Quasi quindici anni fa c’era la Moratti, con le sue “tre i”. Poi, a distanza di pochissimi anni, fu la volta di Fioroni e infine della Gelmini. Oggi ci troviamo tra le mani l’ennesima riforma, stavolta firmata Stefania Giannini, che cerca di cambiare l’istruzione nel nostro Paese. Passata un po’ in sordina a causa delle ultime vicende politiche, La Buona Scuola si presenta interessante sotto l’aspetto dell’occupazione di nuovi insegnanti e presenta anche degli incentivi per favorire gli educatori migliori, misure di semplificazione e alcune variazioni nelle materie di studio (più Musica, Sport, Arte, Lingue ed Economia).
Insomma, l’impressione è che si stia cercando di tessere una tela di Penelope. Sposta un’ora qua, introduci una sezione sperimentale là, rimodula le graduatorie lassù, sistema i precari quaggiù: non si può affrontare la questione scolastica come se fosse un trasloco. A viale Trastevere spacciano piccoli cambiamenti per rivoluzioni e non si accorgono che le necessarie riforme radicali, stavolta per davvero, sono altre.
Se infatti mettiamo da parte tutta la retorica sui nuovi Don Milani e il facile ottimismo giovanilista del governo, questo è ciò che rimane. Poco, considerando la premessa secondo cui “se riparte la scuola, riparte il Paese”. E per carità, qui siamo tutti d’accordo. Ma il problema principale risiede proprio in questa affermazione. La scuola è un luogo di fondamentale importanza nella costruzione della personalità, degli ideali e della mentalità di ciascuno di noi. È la fucina in cui si forgiano le menti. Ma forse, tanto per tornare allo slogan di cui sopra, se l’Italia si è fermata è perché anche l’istruzione è rimasta bloccata a modelli ormai invecchiati.

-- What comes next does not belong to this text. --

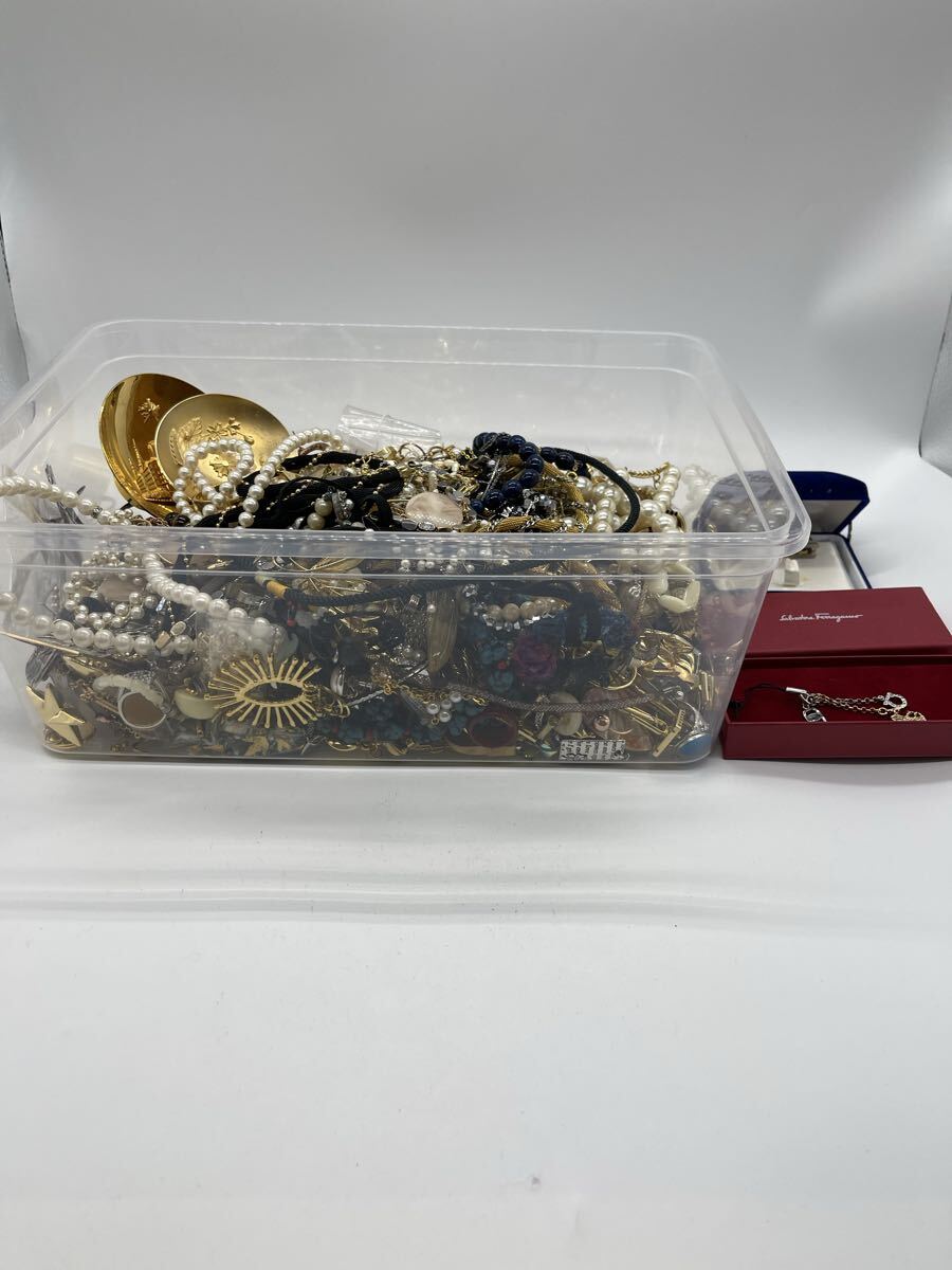 A mixed lot of approximately 4.5kg of assorted jewelry & accessories, including an elegant Salvatore Ferragamo charm.

Adesso, cosa volete voi dalla politica? Che assecondi lo status quo o che trasformi la società secondo i principi di democrazia, cooperazione, responsabilità civile? Se la vostra risposta è la prima, potete smettere di leggere. La Buona Scuola ha un’apparenza carina, scanzonata e jovanottiana. Perfetta. Ma se desiderate davvero un’alternativa, sarete d’accordo che non possiamo accettare questo concentrato di moderatismo. Più poteri agli studenti e agli organi collegiali, tanto per cominciare. Il dirigente scolastico non può essere un Leviatano, se ha a che fare con ragazzi che stanno per diventare maggiorenni e devono cominciare ad assumersi precise responsabilità. Vogliamo una “libertà civicamente sostenibile”, che non degeneri nel permissivismo e insegni come si diventa cittadini maturi. Ma prima è di cruciale importanza liberarci di alcuni tabù. Ad esempio, cominciamo a parlare di Educazione Sessuale. No, non uno dei suoi simpatici surrogati: intendo un vero programma formativo, come quello preparato dall’Oms.

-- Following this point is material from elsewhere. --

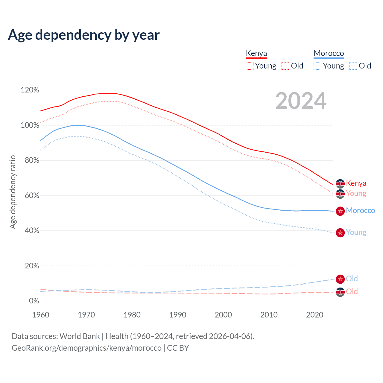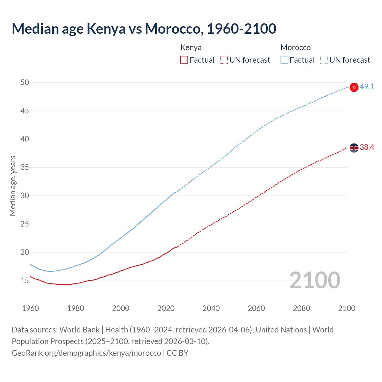 - Kenya is ranked 159/196 by median age (oldest to youngest) vs 100/196 for Morocco.

E se vogliamo istituire dei corsi sperimentali, facciamolo con serietà. Apriamo i nostri orizzonti. All’estero si parla da non poco tempo di “apprendimento cooperativo”, che permette gli studenti di unire spirito d’iniziativa e collaborazione. Invece l’attuale organizzazione piramidale dirigente-insegnanti-studenti è lo specchio della gerarchia capitalistica. Naturale che il giovane, terminati gli studi, rifletta nella vita lavorativa questo ordine. Così ritorniamo al frustrante rapporto tra principale e dipendente, equivalente della contrapposizione tra primi e ultimi della classe. Ma noi non ci stiamo.

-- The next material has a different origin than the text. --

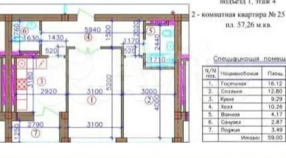 В избранное 2-к. квартира, 56 м², 3/9 эт.

La scuola deve diventare il prototipo della comunità futura, una cooperativa che produce valori positivi. Ecco, adesso immaginate una o due generazioni cresciute con la consapevolezza che il lavoro è dignità e l’uomo è più importante del capitale. Durante la loro vita, questi ormai ex-studenti applicheranno tali principi nel mondo dell’impresa, dunque lo trasformeranno dall’interno. E se cambiano i rapporti economici, si modifica tutto il resto della società. Nel 2008 il Parlamento europeo ha persino emanato una risoluzione in cui “esorta gli Stati membri a prevedere progetti formativi, nell’istruzione superiore e universitaria e nella formazione professionale, volti a trasmettere la conoscenza dell’economia sociale e delle iniziative imprenditoriale fondate sui suoi valori”.
Si tratta solo di avere la volontà giusta per tornare a credere di poter cambiare la nostra vita. Perché il sogno di un mondo più giusto, più umano, più felice potrà anche addormentarsi per un po’, ma non morirà mai. E quando si risveglia, è lì che viene il bello. La rivoluzione comincia tra i banchi di scuola.